That's why I hate to eat in chain restaurants. It's just a nicer fast food joint.

Or, why I rarely order things (except soup and salad which are obvioysly made ahead) that can be easily slopped out of a bin and nuked.
 
Aw ha, yup... this is why I'm not real big on chain joints... oh wait a minute, we had linner at Olive Garden yesterday :LOL:
Granted, we hadn't been there in like, what, maybe 10 years... don't like Applebees' or Chili's or Romano's Macaroni Grill.
Here in Cowboyville, we don't have that many chains anyways.
We've got Mom&Pop joints up here and you sit and wait for your food; it forces conversation, that is if you can get everyone to put down there devices... ;)
I'd bet that they may use some frozen stuff, like that Friday Fish Fry that they love so much here... I don't care too much for fried fish, I prefer grilled :LOL:
 
Well, yeah. Kind of a "duh, me stoopid" video.

That's why I hate to eat in chain restaurants. It's just a nicer fast food joint.

Or, why I rarely order things (except soup and salad which are obvioysly made ahead) that can be easily slopped out of a bin and nuked.

No surprise to me, either. But, If I walk into an Applebee's on a Saturday night, it will be packed. The video does shed some light on why I have never, ever, ever had a decent steak at Outback -- when I'm dragged there by "friends." :ermm:

CD
 
No surprise to me, either. But, If I walk into an Applebee's on a Saturday night, it will be packed.
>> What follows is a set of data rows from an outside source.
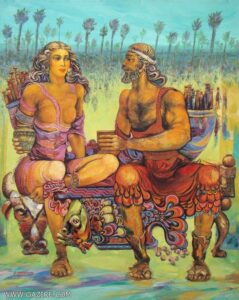 كأنَّه يرتحل مع شخوص أساطيره ويعيش قلقها، وكأنَّ ريشته تُعبِّر عمَّا تصبو إليّه أفكاره وتروم لأجله أنامله بالقول: “على هذه الأرض ما يستحقُّ الحياة”، ليس الآن فحسب، بل منذ آلاف السِّنين، استحقاق القدرة والبقاء للأفضل، أو هو الأقوى من عدَّة وجوه. لذلك ترفض ريشته وألوانه وسكِّينه على أرضيّة لوحاته الاستسلام لقدر الإنسان المحتوم بالموت والفناء، تماماً كما  لم يشأ جلجامش أن يستسلمَ لذات القدر، فسعى في رحلته الشَّهيرة باحثاً عن وصفة الخلود الأبديّة، متيقّناً في الظَّاهر أنّه سيبلغها، لكنَّ الوعي الخفيّ كان يسير عكس ذلك – حتَّى لو أنكره جلجامش – وأنكرناه نحن على مرِّ السِّنين.
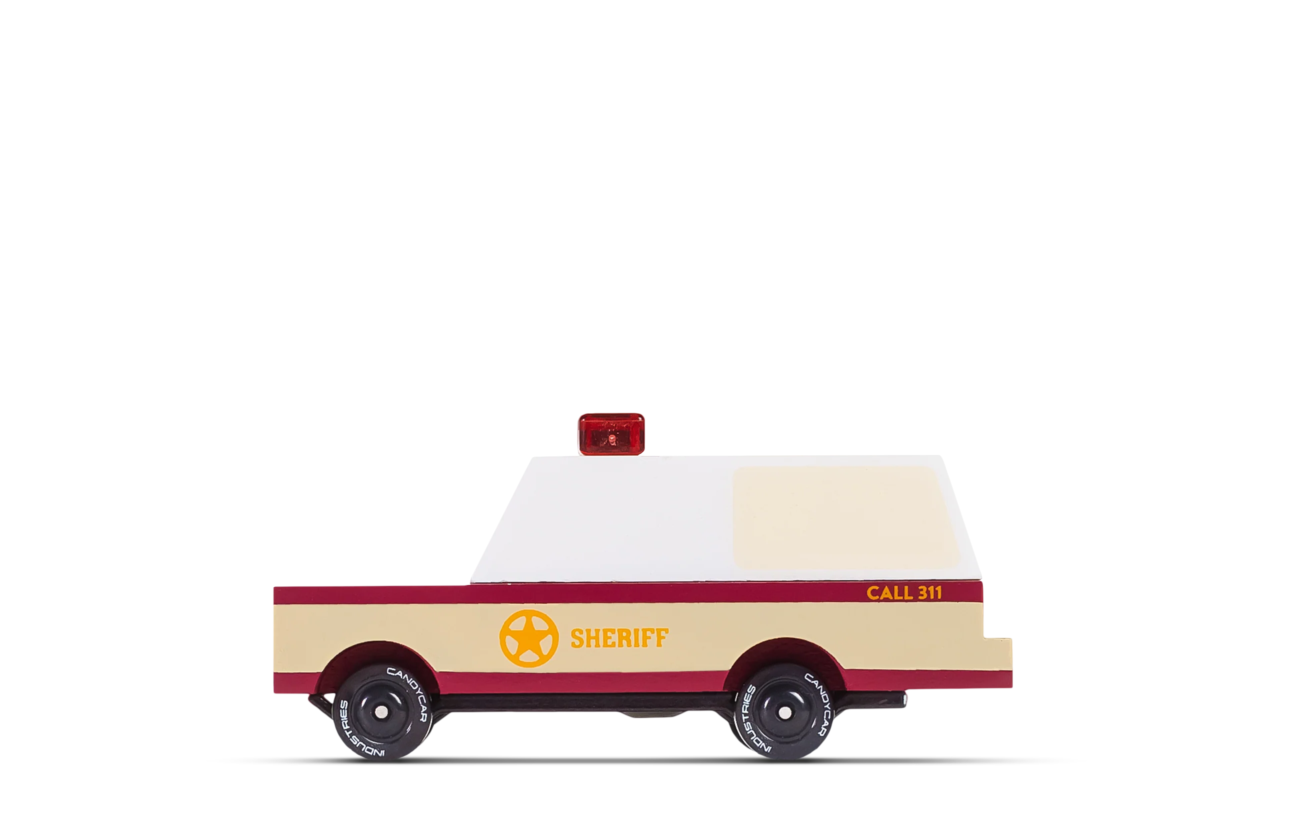 Petite voiture Pickup Truck Sheriff en bois Candycar® Ce pick-up en bois massif au style rétro reprend l’univers des véhicules de police américains des années 50. Robuste, éco-conçu et facile à manipuler, il est idéal pour les enfants dès 3 ans. Parfait pour les jeux d’imitation ou comme objet déco pour les passionnés de miniatures vintage. Fabrication en bois FSC et peintures à l’eau. Un jouet durable et intemporel signé Candylab®.
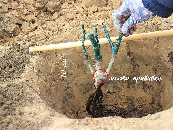 Погружая саженец в почву, следите, чтобы корневая шейка тоже была заглублена на 10 см – это защитит её от заморозков в холодное время года и позволит растению пустить собственные корни. При посадке следят, чтобы корневая система была расправлена и при засыпании землей не образовывались воздушные пустоты. Корни аккуратно расправляют, засыпают грунтом, слегка уплотняют его руками.
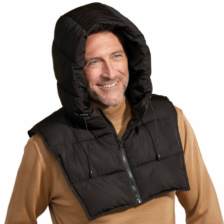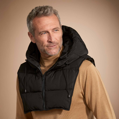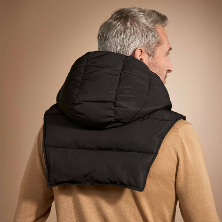 Facile à glisser sous un manteau, une veste ou un pull, elle protège aussi la gorge des coups de froid et réchauffe nuque et haut du dos grâce à son plastron matelassé, plus long sur l’arrière.
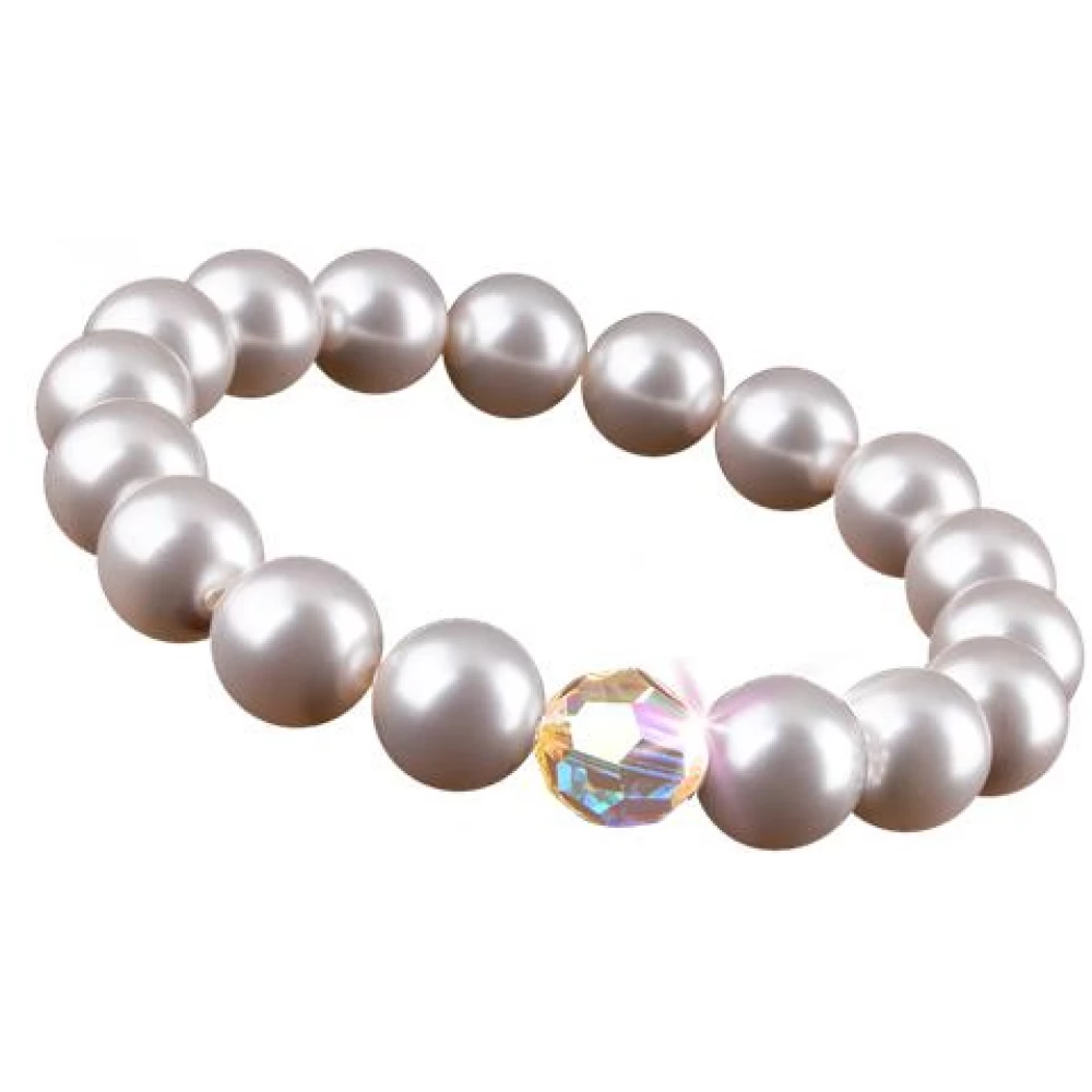 ART CRYSTELLA Bracelet Swaroski gyöngyből színtájszós white kristállyal 10mm M-es gyöngyházfehér
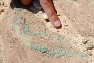 Keywords: Chrysocolla Timna 070613.jpg en Copper ore chrysocolla in Cambrian sandstone in the Timna Valley southern Israel 2013-07-06 14 17 58 own Wilson44691 cc-zero Uploaded with UploadWizard Chrysocolla Copper ores
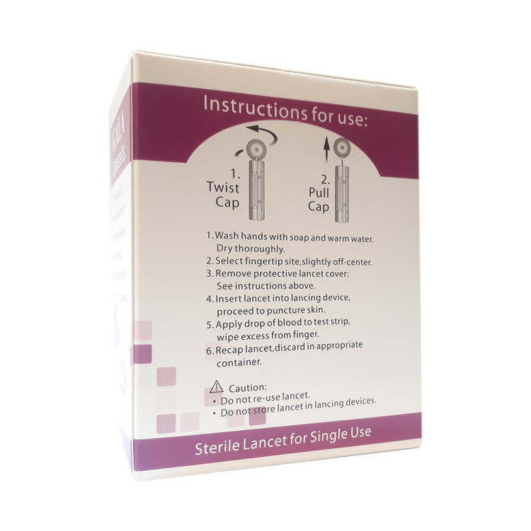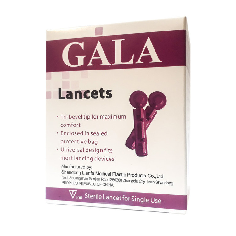 بسته ۱۰۰ عددی سوزن استریل یکبار مصرف تست قند خون گالا مدل 30G که در بیشتر دستگاههای تست قند خون قابل استفاده است. این محصول دارای استانداردهای CE و FDA و ISO13485 می باشد. سوزن ها دارای کاور محافظ هستند که به راحتی برداشته می شوند. نوک سوزن ها به شکل مخروطی است که حداکثر راحتی را در هنگام خون گیری خواهد داشت.

The video does shed some light on why I have never, ever, ever had a decent steak at Outback -- when I'm dragged there by "friends." :ermm:

CD

HA! :ROFLMAO:
We had an Outback here in cowboyville... they closed real quick!
HELLO!
This is COWboyville, they raise Beef here (and dang good stuff too) ... there are "... the five C's of Arizona: Copper, Cattle, Cotton, Citrus, and Climate.
I think they know their steak ... (as you would Casey ;)) ... not sure about those chains though :glare:
 
And my SIL wonders why we won't go to the chain restaurants with them...:rolleyes:

...The video does shed some light on why I have never, ever, ever had a decent steak at Outback -- when I'm dragged there by "friends."
And yet we've had very good steaks when we've eaten at a Texas Roadhouse, pretty much the one chain we'll visit infrequently regular. :ermm: If there is such a thing. :LOL: Then again, they do have a cooler with raw steaks as you walk in, so they just might cook them from scratch.
 
Pretty much figured that.
I have no problems with some of the chain restaurants, especially when traveling.
Might not be the best or freshest 'made at the moment' meal, but its nice to have some consistency when far away from home and dont feel like risking it. Also, when my kids were younger, and very finicky with what they eat, a familiar place on the road was the easiest way to deal with them.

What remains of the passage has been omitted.